A Bit of Perspective

A Bit of Perspective

A bit of perspective, that is what we get when studying

history. Without that perspective we are easily manipulated by politicians, demagogues, car salesman, snake oil salesman, televangelists, newspaper reporters, and people armed with alternative facts or altered facts that profit from our ignorance. Without that perspective we can’t even tell if they are alternative facts, altered facts, facts based on half truths, or truth itself.

Let’s set our way back machine to the teens of a century ago. President Wilson was running the show here in America. Without reservation he believed that “America was born to exemplify that devotion to the elements of righteousness which are derived from the revelations of Holy Scripture.” In a speech before Congress about the war (WWI), he warned, “There are citizens of the United States, I blush to admit, … who have poured the poison of disloyalty into the very arteries of our national life…Such creatures of passion, disloyalty, and anarchy must be crushed out.” A manifestation of his “divine appointment by God” was the Espionage Act that he called an imperative necessity.

Congress balked at the legalization of press censorship but the rest of the bill passed with almost unanimous support. Included in the bill was authorization for Postmaster General Albert Sidney Burleson to refuse to deliver magazines, newspapers, or mail he deemed unpatriotic or critical of the administration. Attorney General Thomas Gregory felt that the law did not go far enough, and pushed a new law, the Sedition Act that made it punishable by twenty years in jail to “utter, print, write, or publish any disloyal,profane, scurrilous, or abusive language about the government of the United States.” To enforce the legislation the American Protective League under administration by the Justice Department was formed and within a year there were 200,000 members, some of whom initiated vigilante justice with impunity in communities.

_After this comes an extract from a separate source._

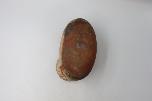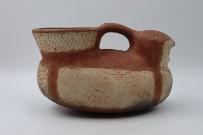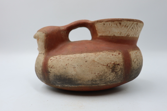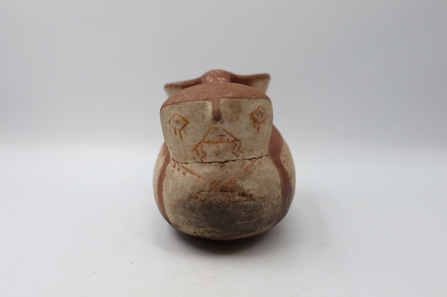 Contenedor cerámico con forma de Jarro-Pato antropomorfo polícromo de fase Diaguita II, estilo clásico. Posee un cuello cónico invertido, un labio redondeado y un borde directo. Cuenta con un cuerpo elipsoidal horizontal y una base de tipo convexo. Entre la cabeza y el cuello se encuentra un asa que une ambas partes.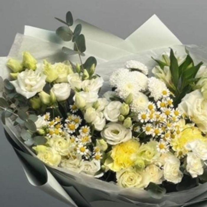 Альстромерия – 2 шт.Лизиантус – 5 шт.Хризантема Сантини – 3 шт.Гвоздика – 3 шт.Матрикария – 3 шт.Упаковка дизайнерская – 1 шт.

In Rockford, Illinois, the army asked league members for assistance in acquiring confessions from twenty-one African-American men accused of assaulting white women. League patrols targeted seditious speakers, performed citizens arrests or called upon police to break up “unpatriotic” gatherings. States outlawed the teaching of German, an Iowa legislature called for the expulsion or deportation of all first generation German immigrants, people who publicly spoke German were subject to immediate arrest, and government approved front page banners warned that every German or Austrian, unless an acquaintance of years, should be considered a spy.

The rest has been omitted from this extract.